To help make it easier for us to investigate your issue, please follow the contributing instructions.

marcan commented 3 years ago

It works well, for what it's worth. Still need to run the proper numbers, but here's 93 CD-Rs from 10 different brands visualized. cdrs2

That said, this is mostly useful to figure out how close to corrupting audio data a CD that otherwise rips fine is. I think there are simpler ways of finding out if the audio data itself is borked (and a good subchannel is not a hard guarantee that the audio part isn't bad.

Relevant: at least on my drive, sometimes the subcode "slips" and ends up offset vs the audio data. This seems to usually be a -3 sector offset, sometimes more in rough spots, and not consistent rip to rip. I currently compensate for this once I get a valid subcode CRC with a timestamp mismatch, and backtrack in case any immediately previous subcode sectors were bad to compensate (otherwise the skewed subcode would be recognized as lots of errors for those sectors).

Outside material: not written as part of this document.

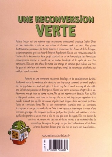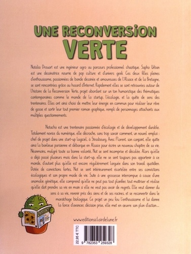 Natacha est une trentenaire passionnée d'écologie et de développement durable. Totalement novice du numérique, elle décroche, sans trop savoir comment, un nouvel emploi : chef de projet dans une start-up logiciel, à Strasbourg. Avec Florent, son conjoint, elle quitte ainsi la banlieue parisienne et débarque en Alsace pour écrire un nouveau chapitre de sa vie. Néanmoins, malgré toute sa bonne volonté, Nat se sent incomprise et décalée. Alors qu'elle a déjà passé plusieurs mois dans la start up, elle ne se sent toujours pas appartenir à ce monde, d'autant plus qu'elle est encore régulièrement larguée dans son travail quotidien. Se sentant illégitime dans ses missions, elle remet constamment sa carrière en question. Dotée de convictions fortes, elle se sent également isolée philosophiquement. Ses collègues sont passionnés de hautes technologies, de jeux vidéos et de réalité virtuelle, et elle se fait souvent charrier quand elle parle de sa sensibilité au développement durable et de sa volonté de revenir à un mode de vie sobre et inspiré de la nature. Nat se sent intérieurement écartelée entre ses convictions écologiques et son propre mode de vie. Suite à une grossesse interrompue à cause d'une anomalie génétique, elle comprend qu'elle ne peut pas tout planifier, tout maîtriser et réalise qu'elle doit prendre sa vie en main si elle ne veut pas avoir de regrets. Elle veut donner du sens à sa vie, revenir dans l'Ouest, proche des siens et de ses racines et se reconvertir dans le maraîchage biologique. Ce projet un peu fou l'enthousiasme et lui donne la force d'avancer, décision prise, elle met en oeuvre son plan d'action... Ce récit a pour ambition d'aborder des thèmes contemporains majeurs : alors que chaque élément de notre vie semble être parfaitement à sa place, comment prendre le recul nécessaire pour se poser les bonnes questions ? Comment trouver la force d'assumer ses convictions et sa volonté de changer de voie, dans un monde pétri de préjugés et de pressions sociales ? Comment remettre en cause l'ordre établi lorsqu'on n'arrive plus à vivre avec ses propres contradictions ? Sous la forme d'un roman graphique frais et plein d'humour, le lecteur est invité à suivre les différentes étapes qui mèneront finalement le personnage principal à quitter son emploi de cadre pour aller réaliser son rêve de reconversion verte.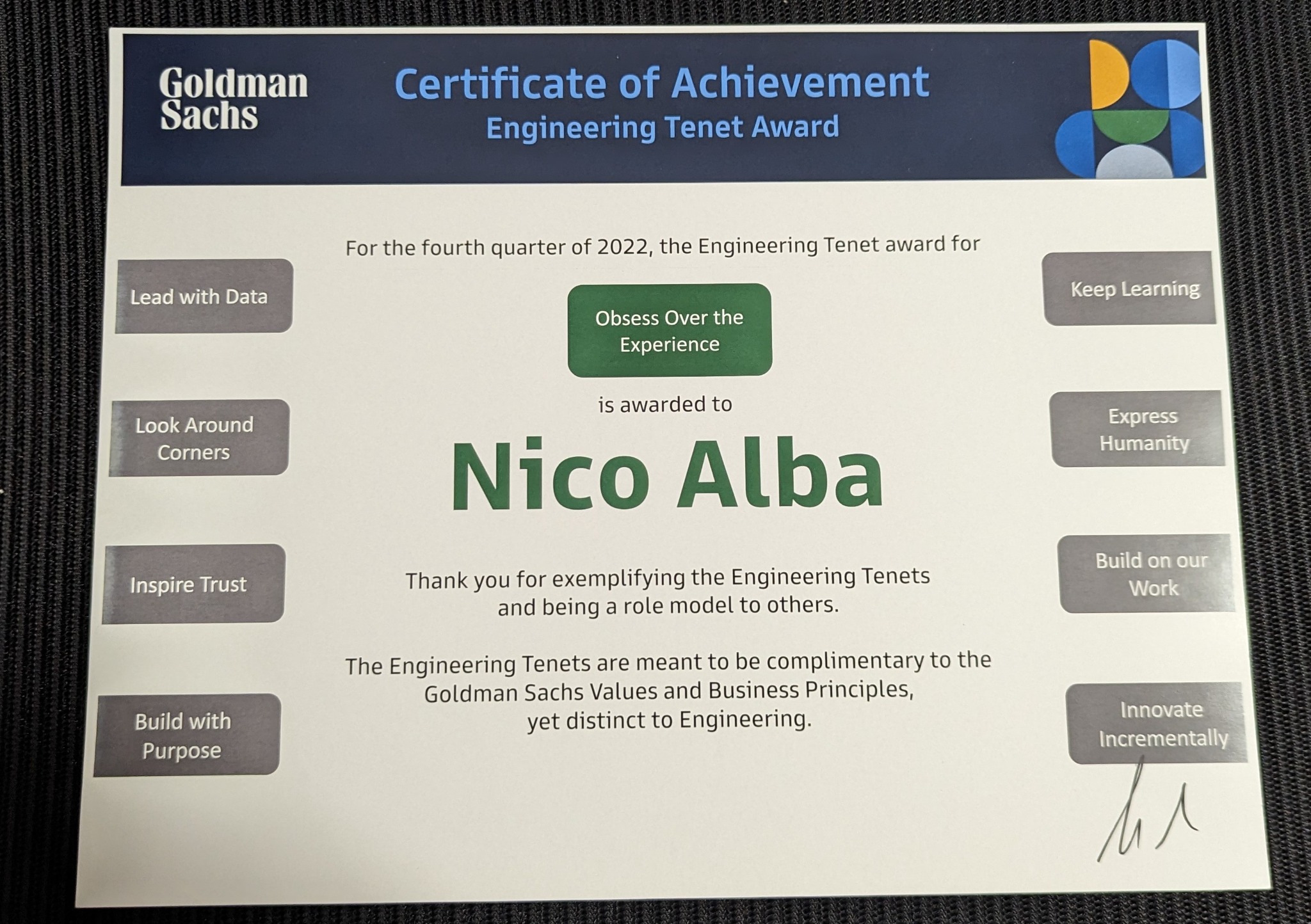 GS Engineering Tenet award I received during my time at Goldman Sachs.

Note that this method relies on knowing in advance what the subcode is supposed to be. I can do this for my CDs because I'm burning them with no fancy anything, the subcode is straight mode 1 timestamps and that's it. If you don't know what the subcode is at all, the best you can do is flag whole sectors as good/bad (which is still pretty useful info for low-level errors). Alternatively, you could add a heuristic that attempts to derive subcode info (e.g. you can probably interpolate a broken sector between two good ones if the track/index does not change, unless other modes are in use; more heuristics could help recover those).

JoeLametta commented 3 years ago

Hi, currently whipper prints messages like these:

Track 1 finished, found 122 Q sub-channels with CRC errors
Track 2 finished, found 65 Q sub-channels with CRC errors
Track 3 finished, found 51 Q sub-channels with CRC errors
Track 4 finished, found 257 Q sub-channels with CRC errors
Track 5 finished, found 78 Q sub-channels with CRC errors

The information is taken from cdrdao and can be used as a rough estimation of the CD's "health". I'm not sure we can use a similar technique for more than providing informative messages...